下一秒他又開始后悔,以最快的速度把消息撤回,那副姿態堪稱狼狽。
——真遜。
空氣中似乎傳來他有些懊惱的輕嘖,他的手無意識的把手機握在掌心,因為身高在那,手機到他的手上像是小巧的玩具。
指節分明的手上帶有薄薄的繭,他又開始無意識的扣弄,最終懊惱的松開。
一頭小卷毛因他的坐立不安而立起幾根,更像是彰顯主人的心情左右搖晃。
最終情感和理智博弈結束,情感占據上風,好在理智幫助他重新組織語言。
不可愛:【你叫小臣同學,一點都不認真。
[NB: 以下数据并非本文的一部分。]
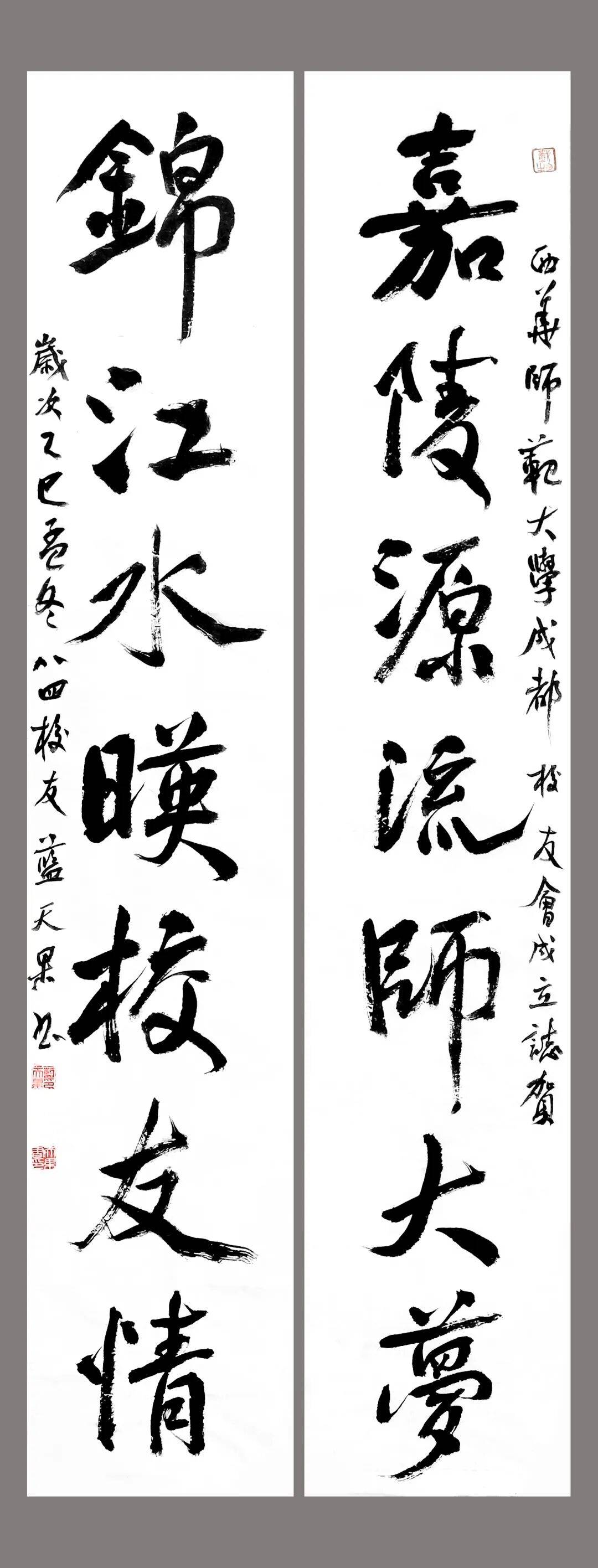 这些年,我和四川蓝天书画院的同仁们始终致力于力所能及的公益事业。我们以书法教育为纽带,帮扶民族地区与偏远校园,让传统文化浸润更多角落。2023年,我们向甘孜州石渠中学捐赠了一批书画作品,成为书画艺术援藏区教育的践行者;2024年,团队不远千里奔赴陕西省神木市第十三中学,举办了一场意义非凡的书法作品捐赠仪式,现场为学校送上精心创作的书法作品;2025年,我们走进红色巴中,助力乡村文化艺术发展,并向关渡小学捐赠了书法教材与作品。此外,我们还联合社区开展老年书法公益课,圆了不少老人的书法梦;每逢春节,组织师生走进社区、敬老院,挥毫泼墨写春联、送福字。这些事虽平凡,却能让书法艺术走出学堂,真正融入寻常百姓的生活之中,也让我们在担当社会责任的过程中,更深刻领悟书法艺术的价值与意义。

】
發完消息,他無意識的轉頭看向窗外。
黃昏時分,天邊的云朵像被夕陽染成了溫暖的橘紅色。去往井闥山的路有一條水泥路,因為年久失修坑坑洼洼使得車上的人也跟著東倒西歪,但仍倔強的不肯睜眼。
不遠處青黃的麥田在夕陽余暉的映照下,顯現出一派欣欣向榮。
他下意識伸手,好似觸碰那抹余暉,手機震動,他猛地回過神來,黝黑的瞳孔一眨不眨的盯著手機屏幕。
每天要喝水:【是在撒嬌嗎?圣臣。】
耳根不受控制的開始發燙,他別扭的熄滅屏幕又把屏幕點亮,唇角無意識的上揚,又被他欲蓋彌彰的壓下。
不可愛:【。】
夕陽逐漸被甩下,耳機里的音樂自動的跳轉到了一下首,是一首旋律輕快的純音樂。
婉轉的旋律伴隨著他起伏不定的心情,好像在他的腦海中自動模擬了那人說話的語調,重復他的名字。
圣臣。
圣臣...
他將外套蓋住頭頂,躲在屬于自己的小天地里,終于不再控制自己的心情,任憑笑意蔓延。
*
時間匆匆流逝,轉眼就到了東京ih預選賽。
井闥山女排一路過關斬將,在半決賽同老對手音駒狹路相逢。
梟谷那邊和圣德女子高中的比賽與她們同步進行,最終勝利的兩支隊伍,將作為最終代表以東京代表的名義參賽。
天空灰蒙蒙的,低沉的雷聲仿佛在空中回旋,天氣預報預測了一周都未曾落下的雨終于落下,豆大的雨水滴落在地,好似在為比賽的選手們鼓勁。
音駒的主攻手島津冬音再次發球,井闥山的自由人渡邊晴子深吸一口氣到位伸手把球接起。
“鈴音!”
“ok。”
鈴音伸手,目光掃過音駒的站位閉上了眼。
“前輩。”
“了解!”
高峰美月躍起進攻,面對音駒的雙人攔網依舊面不改色用力得脖頸上的青筋都隨之鼓起。
“交給我!”
音駒的自由人福島玲奈快速將球接起在地上滾了一圈讓開位置,夏目鈴音擰眉,眼見著隊友們出汗量增加,似乎因為長久的拉鋸而異常疲憊。
不能再拖了——
快速給渡邊晴子和水谷由紀使了個眼色,夏目鈴音將自己“藏”在隊伍里,在渡邊晴子再次把球接起后奮力助跑。
早有準備的水谷由紀同樣飛奔,到達位置后將球往外一托——
“真是亂來啊喂。”
竟然敢把她們私下實驗但并沒有確定過可行性的方案放到比賽中來,不過...
這就是二傳的魅力吧,化不可能為可能。
音駒因為之前都是來自高峰美月和宮崎瀨尾的重炮攻擊,站位下意識靠后,盡管貓又愛和橫井千穗反應及時的想要阻攔,但不如說,這正中鈴音下懷。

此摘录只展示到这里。